Claudio Úbeda ha dejado de ser el entrenador de Boca Juniors tras la eliminación en la Copa Libertadores, y el club ahora buscará un nuevo director técnico.
Claudio Úbeda ha concluido oficialmente su mandato como director técnico de Boca Juniors. Esta decisión se materializó únicamente cuatro días después de la decepcionante eliminación del equipo en la fase de grupos de la Copa Libertadores 2026, lo que llevó a la directiva a optar por no renovar el contrato del entrenador, que expiraba a finales de junio. Por consiguiente, la institución se enfrenta nuevamente al reto de designar un nuevo líder para el plantel profesional en un periodo de intensa exigencia deportiva.
La determinación fue ratificada tras una reunión que tuvo lugar en las instalaciones de Ezeiza, donde se dialogó entre Úbeda y el director deportivo, Marcelo Delgado. En este encuentro se notificó al entrenador que no continuaría en su cargo una vez que concluyera su vínculo contractual. Esta resolución también abarcó a su principal asistente, Juvenal Rodríguez, quien había formado parte del cuerpo técnico desde el inicio de este ciclo.
Úbeda asumió la dirección del equipo en octubre de 2025, un periodo marcado por circunstancias muy particulares para la entidad. Su llegada se produjo tras el fallecimiento de Miguel Ángel Russo, un ícono muy apreciado en el entorno de Boca y responsable de una de las etapas más exitosas del club en el ámbito internacional.
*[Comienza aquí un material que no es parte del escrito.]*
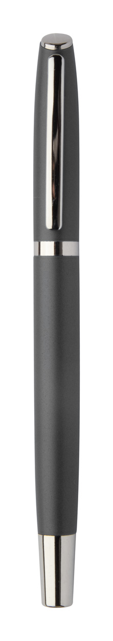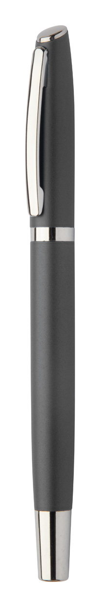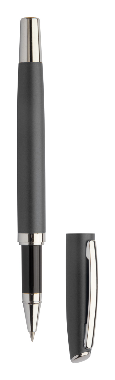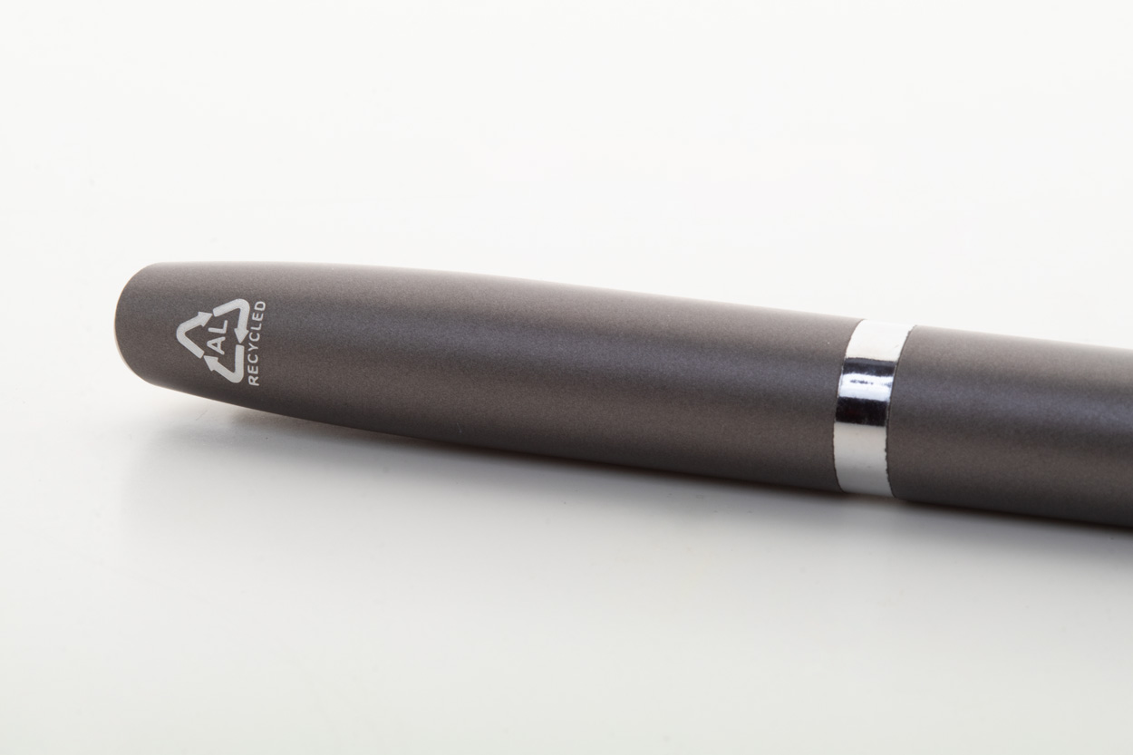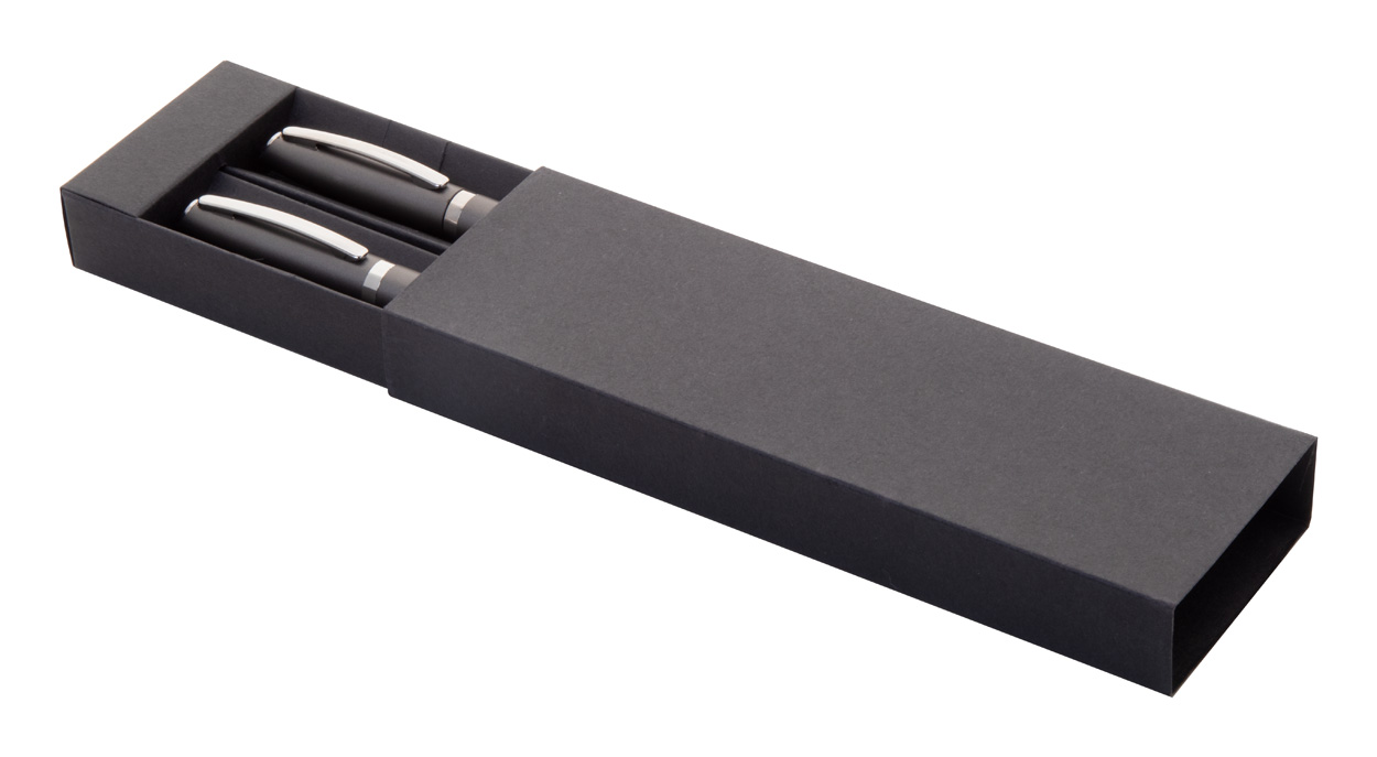 Recycled aluminium pen set with roller and ballpoint pen in black paper gift box. With blue refill.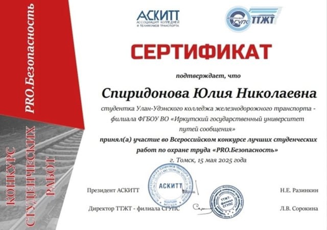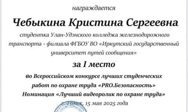 Студентка УУКЖТ ИРГУПС специальности 11.02.06 Чебыкина Кристина заняла 1-е место во Всероссийском конкурсе лучших студенческих работ по охране труда "PRO.Безопасность" в номинации "Лучший видеоролик по охране труда", организаторами которой выступил Томский техникум железнодорожного транспорта и АСКИТТ. Руководитель- Дегтярева А. Ф!.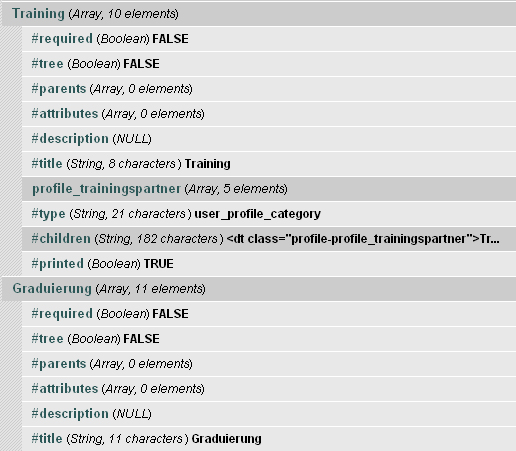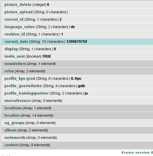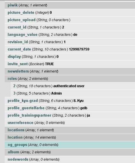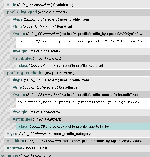 $accountein Array ist und der Wert mit<?php print $account['profile_kyu-grad'] ?>abgefragt werden muss...Hallo, so, nochmal mit devel

Hasta entonces, el exdefensor se había desempeñado como asistente técnico y se vio obligado a asumir el liderazgo del plantel en un contexto emocionalmente complicado.
Durante su gestión, el entrenador dirigió un total de 32 partidos oficiales. Las cifras obtenidas son significativas, reflejando 17 victorias, siete empates y ocho derrotas, con un saldo de 45 goles anotados y 22 recibidos. No obstante, el desenlace de la temporada fue crucial para su permanencia en el cargo. La eliminación prematura en la Libertadores y la derrota ante Huracán en los octavos de final del Torneo Apertura dejaron al equipo sin metas relevantes y aceleraron el análisis por parte de la dirigencia.
El golpe definitivo se produjo en La Bombonera, donde Boca fue derrotado 1-0 por la Universidad Católica y quedó fuera del torneo continental. Esta derrota marcó el final de una racha negativa de cuatro partidos sin victorias en la Copa, con tres caídas que comprometieron gravemente las posibilidades de clasificación del equipo.
Tras dicho encuentro, Úbeda ya había mostrado la incertidumbre que rodeaba su futuro. Visiblemente impactado por el resultado, el entrenador expresó su malestar y preocupación por la situación del equipo, lo que evidenció la presión a la que estaba sometido en ese momento.